Activity> Below are records with pictures. Reproduce exactly the lines from the line with "United States Department" to the line with "La Concursul Național", inclusive, and leave each picture out.

Data extract>

= Beginning of Section =

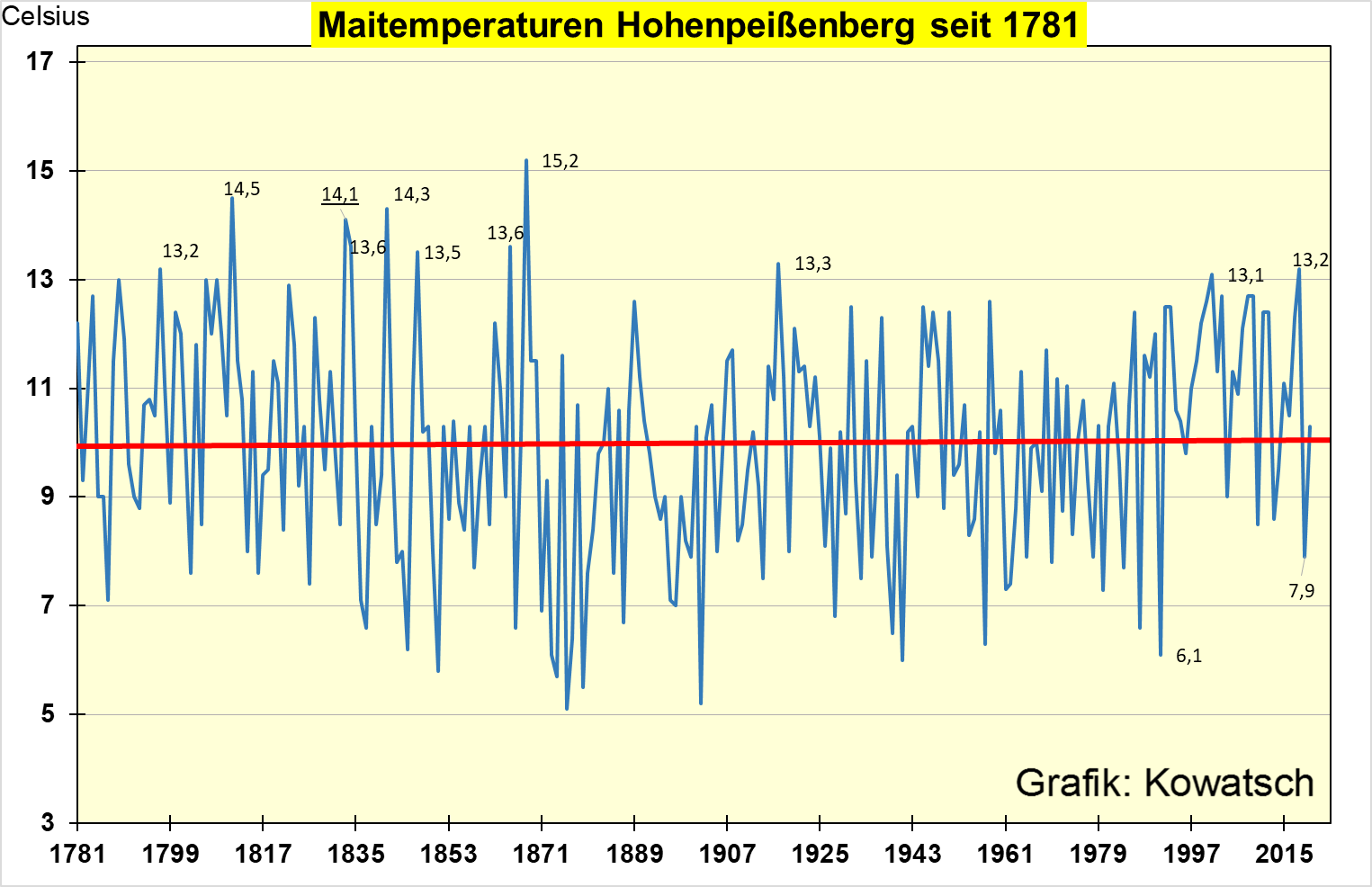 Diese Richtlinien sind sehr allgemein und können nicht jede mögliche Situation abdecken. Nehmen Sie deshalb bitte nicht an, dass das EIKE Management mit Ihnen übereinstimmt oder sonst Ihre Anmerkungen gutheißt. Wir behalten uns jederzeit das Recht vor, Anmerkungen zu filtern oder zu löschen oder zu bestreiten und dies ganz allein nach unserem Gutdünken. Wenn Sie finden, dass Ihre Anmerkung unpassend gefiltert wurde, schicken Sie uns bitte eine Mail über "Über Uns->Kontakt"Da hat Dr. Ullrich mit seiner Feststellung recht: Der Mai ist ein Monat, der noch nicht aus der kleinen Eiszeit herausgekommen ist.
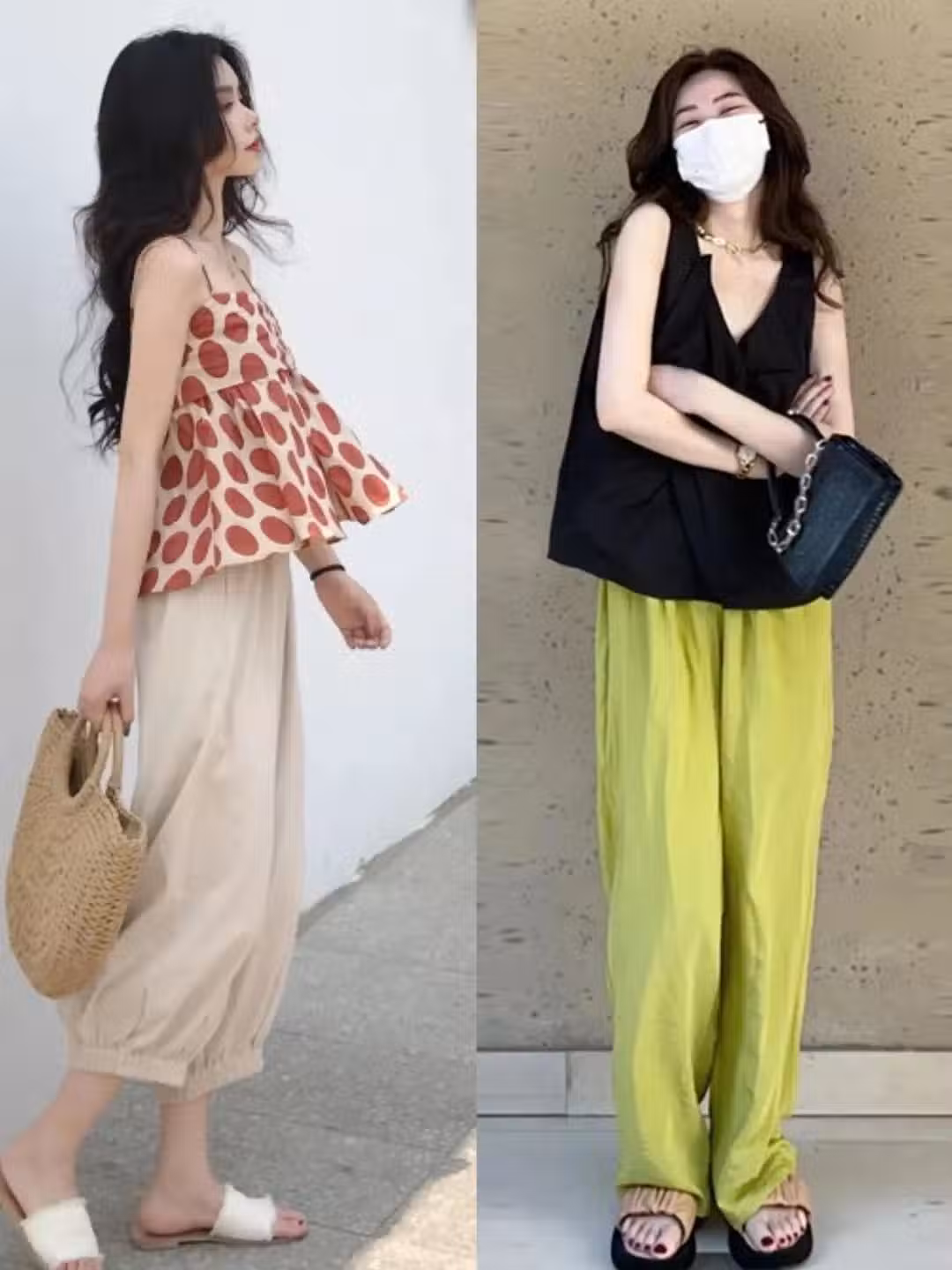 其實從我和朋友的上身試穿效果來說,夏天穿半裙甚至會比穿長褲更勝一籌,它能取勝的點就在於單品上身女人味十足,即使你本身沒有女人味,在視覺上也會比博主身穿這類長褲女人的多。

= End of Section =
= Beginning of Section =

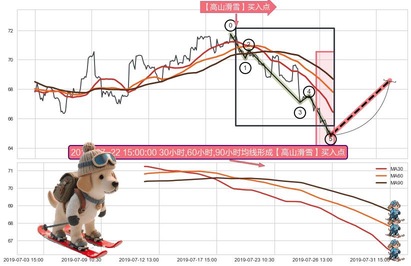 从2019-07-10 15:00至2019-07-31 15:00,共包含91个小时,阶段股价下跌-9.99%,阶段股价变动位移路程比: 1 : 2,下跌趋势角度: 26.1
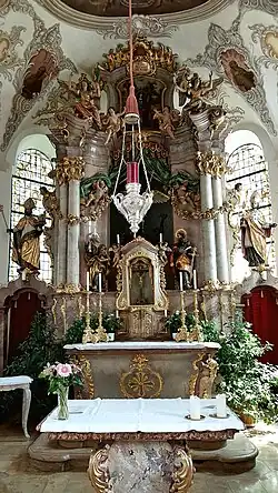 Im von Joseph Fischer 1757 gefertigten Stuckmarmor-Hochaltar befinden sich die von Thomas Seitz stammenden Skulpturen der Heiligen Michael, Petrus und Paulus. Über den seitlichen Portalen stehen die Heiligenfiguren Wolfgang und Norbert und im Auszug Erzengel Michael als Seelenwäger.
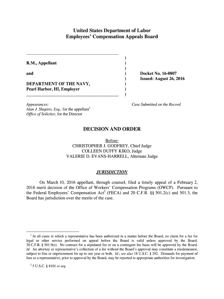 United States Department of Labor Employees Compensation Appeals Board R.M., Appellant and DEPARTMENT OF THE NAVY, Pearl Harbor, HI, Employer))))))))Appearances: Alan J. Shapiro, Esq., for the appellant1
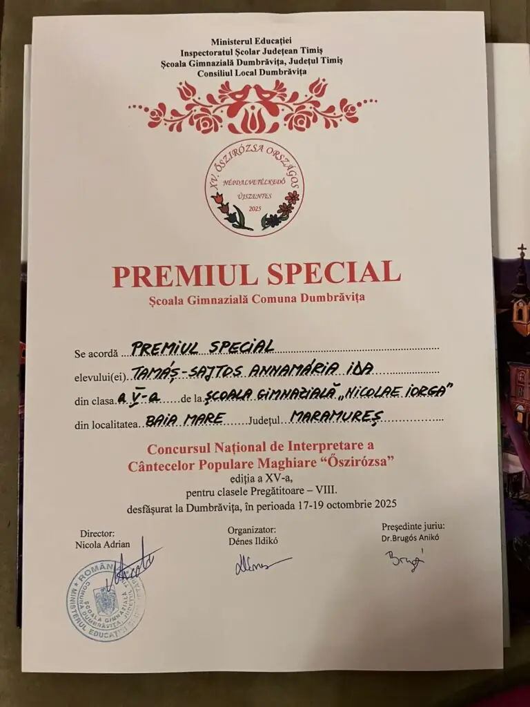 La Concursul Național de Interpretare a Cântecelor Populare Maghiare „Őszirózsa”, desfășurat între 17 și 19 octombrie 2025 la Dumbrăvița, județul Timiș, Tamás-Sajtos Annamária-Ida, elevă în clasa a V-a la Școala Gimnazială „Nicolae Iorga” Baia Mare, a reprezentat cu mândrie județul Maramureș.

= End of Section =

Task output>
 United States Department of Labor Employees Compensation Appeals Board R.M., Appellant and DEPARTMENT OF THE NAVY, Pearl Harbor, HI, Employer))))))))Appearances: Alan J. Shapiro, Esq., for the appellant1
 La Concursul Național de Interpretare a Cântecelor Populare Maghiare „Őszirózsa”, desfășurat între 17 și 19 octombrie 2025 la Dumbrăvița, județul Timiș, Tamás-Sajtos Annamária-Ida, elevă în clasa a V-a la Școala Gimnazială „Nicolae Iorga” Baia Mare, a reprezentat cu mândrie județul Maramureș.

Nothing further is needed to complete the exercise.